# Government's 'Har Hath Main Phone' Scheme Promises One Mobile Phone For Poor Families



## ssdivisiongermany1933 (Aug 9, 2012)

In what could turn out to be its calling card for the 2014 general elections, the government is finalizing a Rs 7,000 crore scheme to give one mobile phone to every family living below the poverty line.Sources in the PMO said the scheme—Har Hath Mein Phone—expected to be announced by PM Manmohan Singh on August 15, will not only aim to give away mobiles to around six million BPL households, but also provide 200 minutes of free local talk time.

*img198.imageshack.us/img198/319/ruralindiamobile.jpg

Uploaded with ImageShack.us

Top government managers involved in formulating the scheme want to sell it as a major empowerment initiative of the UPA 2. While the move will ensure contact with the beneficiaries of welfare programmes worth thousands of crores, there is also a view the scheme will provide an opportunity for the UPA to open a direct line of communication with a sizable population that plays an active role in polls.

Every poor family may get a mobile - Times Of India


----------



## dexbg (Aug 9, 2012)

So how does fit into the grand scheme of uplifting the poorer masses of India.. A friggin phone.!!
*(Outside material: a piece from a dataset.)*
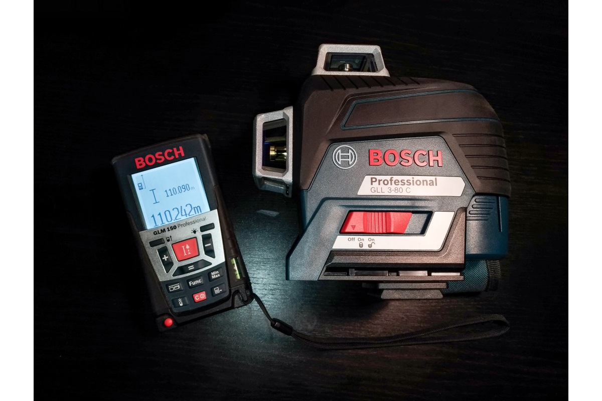 Лазерный нивелир BOSCH GLL 3 - 80 – это уникальная разработка компании BOSCH, занимающей лидирующие позиции на рынке лазерных уровней. Особенность нивелира и его преимущества Построение трёх плоскостей, одной горизонтальной и двух вертикальных, с полной развёрткой на 360°, позволяет эффективно использовать лазерный уровень BOSCH GLL 3 - 80 при выполнении таких работ, как: Укладка плитки. Отделка стен и монтаж перегородок. Установка гипсокартонных конструкций. Разметка коробов для коммуникаций, дверных и оконных коробок. Построение плоскостей может осуществляться как трёх одновременно, так и каждой по отдельности. Вы также сможете строить наклонные плоскости под любым углом, отключив автоматический компенсатор. Особенности, характеризующие лазерный кросслайнер BOSCH GLL 3 - 80: Высокая точность выравнивания: ±0,2 мм на 1 м расстояния. Высокая скорость выравнивания: через 4 секунды после включения вы получите идеально горизонтированную линию. Диапазон работы компенсатора составляет ±4°. Дальность действия BOSCH GLL 3 - 80 достигает 40 м без специального оборудования и до 80 м с приёмником лазерного излучения. Для обеспечения автогоризонтирования лазерный уровень BOSCH GLL 3 - 80 оснащён встроенным магнитно-маятниковым компенсатором, который за считанные секунды производит установку уровня в горизонт и сохраняет рабочее положение оси прибора при толчках и вибрациях. Для построения наклонных линий и при транспортировке прибора маятник можно зафиксировать. Особенности установки при эксплуатации Компактный, лёгкий лазерный построитель BOSCH GLL 3 - 80 крайне комфортен в использовании. Благодаря прорезиненным вставкам на пластиковом корпусе лазерный уровень удобно лежит в руке и легко перемещается с места на место. Конструкция прибора предполагает несколько вариантов установки: На профессиональный штатив – для этого предусмотрено отверстие с резьбой 5/8 дюйма. На фирменный держатель ¼ дюйма, оснащенный микролифтом с фиксатором положения, который может навешиваться на стену, крепиться на трубе с помощью мощных магнитов и устанавливаться на ровную поверхность, опираясь на выдвигаемые опоры. Лазерный нивелир, размещенный на кронштейне, может вращаться вокруг своей оси, что значительно повышает удобство и функциональность в эксплуатации. Купить лазерный уровень BOSCH GLL 3 - 80 целесообразно для выполнения комплексных строительных, разметочных, ремонтных и монтажных работ в помещениях любой площади.

More bankrolls for the Chinese manufacturers .. Setup some small industry for God Sakes.


----------



## tkin (Aug 9, 2012)

Nice initiative, but one problem, lots of people already have phones, in our city even rickshaw pullers have phones, will they get a phone too? Cause that will be a waste of money.
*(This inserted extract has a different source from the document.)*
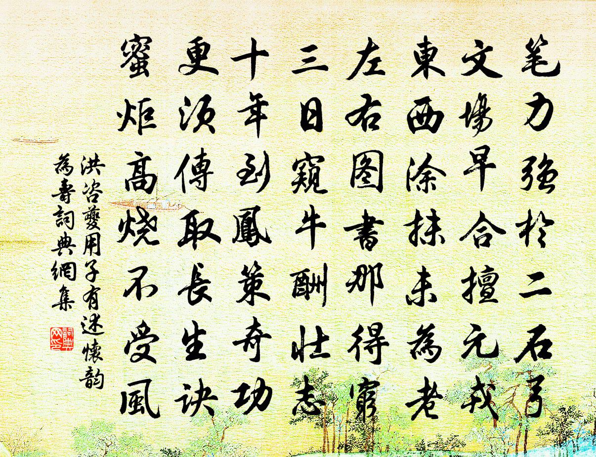 詩詞名句歷史字典書法欣賞書法字典國語詞典說文解字康熙字典古漢語字典標 題 作 者 詩 句 用子有述懷韻為壽作者:洪咨夔 朝代:宋代用子有述懷韻為壽原文筆力強於二石弓,文場早合擅元戎。東西塗抹未為老,左右圖書那得窮。三日窺牛酬壯志,十年到鳳策奇功。更須傳取長生訣,蜜炬高燒不受風。詩詞問答問:用子有述懷韻為壽的作者是誰?答:洪咨夔問:用子有述懷韻為壽寫於哪個朝代?答:宋代洪咨夔用子有述懷韻為壽書法欣賞用子有述懷韻為壽書法作品詩詞推薦長思仙侯善淵〔元代〕道無邊。性光圓。認得龜蛇兩下纏。陰陽合地天。汞和鉛。氣神全。光迸流霞耀晃然。方知玄又玄。送金上人之水南釋正覺〔宋代〕里許由來懶荷擔,百草頭上何廉纖。半夜對月笑拍手,不見噴霜三腳蟾。劫空有句妙如許,公去誰余對眉語。後見漢宮春(春苑賞牡丹)汪元量〔宋代〕玉砌雕欄。見吳宮西子,一笑嫣然。舞困人間半嚲,艷粉爭妍。珠簾盡卷,看人間、金屋神仙。歌隊里,霞裾裊娜次韻趙達夫過訪方回〔宋代〕無限溪山畫不如,特尋花竹到貧居。相迎具茗涼堂上,獨肯沖泥苦雨余。伐病政思翻素問,論詩徒覺過黃初。脫然僧院聽琴(一作宿藏公院聽齊孝若彈琴)楊巨源〔唐代〕禪思何妨在玉琴,真僧不見聽時心。離聲怨調秋堂夕,雲向蒼梧湘水深。芳草渡/系裙腰張先〔宋代〕主人宴客玉樓西。風飄雪、忽氛霏。唐昌花蕊漸平枝。浮光里,寒聲聚,隊禽棲。驚曉日,喜春遲。野橋時伴梅飛清平樂 題漁父圖沈禧〔元代〕煙波深處。占斷溪山趣。逢著忘機閒伴侶。旋斫錦鱗烹煮。隔船相喚相呼。瓮頭酒盡須沽。醉後都忘爾汝。生來不病中早訪招國李十將軍遇挈家游曲江李商隱〔唐代〕十頃平波溢岸清,病來惟夢此中行。相如未是真消渴,猶放沱江過錦城。大蜀皇帝壽春節進堯銘舜頌二首堯銘貫休〔唐代〕金冊昭昭,列聖孤標。仲尼有言,巍巍帝堯。承天眷命,罔厥矜驕。四德炎炎,階蓂不凋。永孚於休,垂衣飄颻。即事示兒辛棄疾〔宋代〕掃跡衡門下,終朝抱膝吟。貧須依稼穡,老不厭山林。有酒無餘願,因閒得此心。西園早行樂,桃李漸成陰。留題新安幕府聚秀軒李彌遜〔宋代〕星聚群賢上幕賓,層軒高敞枕溪漘。一時盧駱五楊輩,萬里東西南北人。句里江山端有助,學餘民社政須親。青冥招隱三章贈李洋洪咨夔〔宋代〕雲氯冒兮天目之趾,疊湫噴薄兮洞石齒齒。列缺正晝兮睡蛟起,可仰而擾兮浴以天河倒流之水。余為成都帥司參議成將軍漢卿為成都路兵鈐相陸游〔宋代〕將軍鐵胸中備文鐵武,鐵馬黃鐵旗玉關路鐵。羌胡可滅心自知,富貴有命才可與。奪官置之三硤中,空山猿鳥同朝泊唐棲寺釋行海〔宋代〕颯颯寒聲折葦風,唐棲岸下泊孤篷。白頭不見頤山老,寂寞門前楓葉紅。臨平道中范成大〔宋代〕煙雨桃花夾岸栽,低低渾欲傍船來。石湖有此紅千葉,前日春寒總未開。詠史下趙雲陳普〔宋代〕子龍一身都是膽,更有仁心並義肝。士勸渠能和益土,百驚不動是人安。大雨杜甫〔唐代〕西蜀冬不雪,春農尚嗷嗷。上天回哀眷,朱夏雲鬱陶。執熱乃沸鼎,纖絺成縕袍。風雷颯萬里,霈澤施蓬蒿。敢辭寄故人施彥執張九成〔宋代〕百念都忘萬事休,一觴一詠自賡酬。坐看庾嶺當南斷,又送橫江轉北流。已覺摧頹侵兩鬢,更無術畫補前旒。何時代謝劉小坡送鄉會勸酒賡韻王與鈞〔宋代〕履端開帝歷,會拜謹王春。百世枌榆舊,一番桃李新。珍頒來腆渥,妙句帶清真。騎省雲霄上,寧辭染翰頻。登越王台呂定〔宋代〕海上荒台草樹平,登臨不盡古人情。白雲萬里懷親舍,紅日中天望帝京。百粵山咱秋歷落,山城樓閣晚崢嶸。醉來名句推薦巧言令色,鮮矣仁。孔子弟子《論語·學而篇》 林中有奇鳥,自言是鳳凰。阮籍《詠懷八十二首·其七十九》 胸中有誓深于海,肯使神州竟陸沉?鄭思肖《二礪》 漸老多憂百事忙,天寒日短更心傷。李覯《秋晚悲懷》 岸邊兩兩三三,浣沙游女。柳永《夜半樂·凍雲黯淡天氣》 浮天水送無窮樹,帶雨雲埋一半山。辛棄疾《鷓鴣天·送人》 堂上謀臣尊俎,邊頭將士干戈辛棄疾《西江月其六》 睡起覺微寒。梅花鬢上殘。李清照《菩薩蠻·風柔日薄春猶早》 記取西湖西畔,正暮山好處,空翠煙霏。蘇軾《八聲甘州·寄參寥子》 過盡征鴻來盡燕,故園訊息茫然。趙長卿《臨江仙·暮春》

Second thing, what guarantee is there that these people won't sell the phone?

Third, if government start giving phones to very poor families in slums who do not have proper identity, then terrorists may get the phones from them, a major concern.


PS: Anyway, the cheap laptop project failed, doubt this will be any success, 80% of the money will be eaten away buy politicians and very cheap phones(read chinese cr@p) might be given.



Spoiler



I read the tile as "Har Haath Me laath'


----------



## aaruni (Aug 9, 2012)

So, what is the government's aim in doing this?


----------



## freshseasons (Aug 9, 2012)

Whats frightening is the way govt procures its mobile at the uber premium price. 

   They (Ofcourse our tax paid money )pay for a Blackberry and end up procuring Micromax mobile. If the day is bright for them they may rise enough to procure Chinese Ultra low cost mobiles at maximum cost.

 Freebies for BPL familes and considering how easy it is to register yourself as BPL Card holder here are few prepositions.

1)A Extra income of one thousand ,selling off the mobile and reporting theft or lost in not so genuine transits. 

2) Free 200 Minutes Talk Time every month. Talk about 200 Rs or Topup Free Every month and suddenly i will want be in BPL

3)Large mobiles ending up in market for sale , most almost unused. 

4)Heavy burden on the already burdened infrastructure Network.

  And lets not fret over the fact that mobiles will help rural traders and farmers in getting good price for crops using mobiles. Those who need already have one.

   Damn once you pay your tax its already there free for the government to spend in whatever way they feel. 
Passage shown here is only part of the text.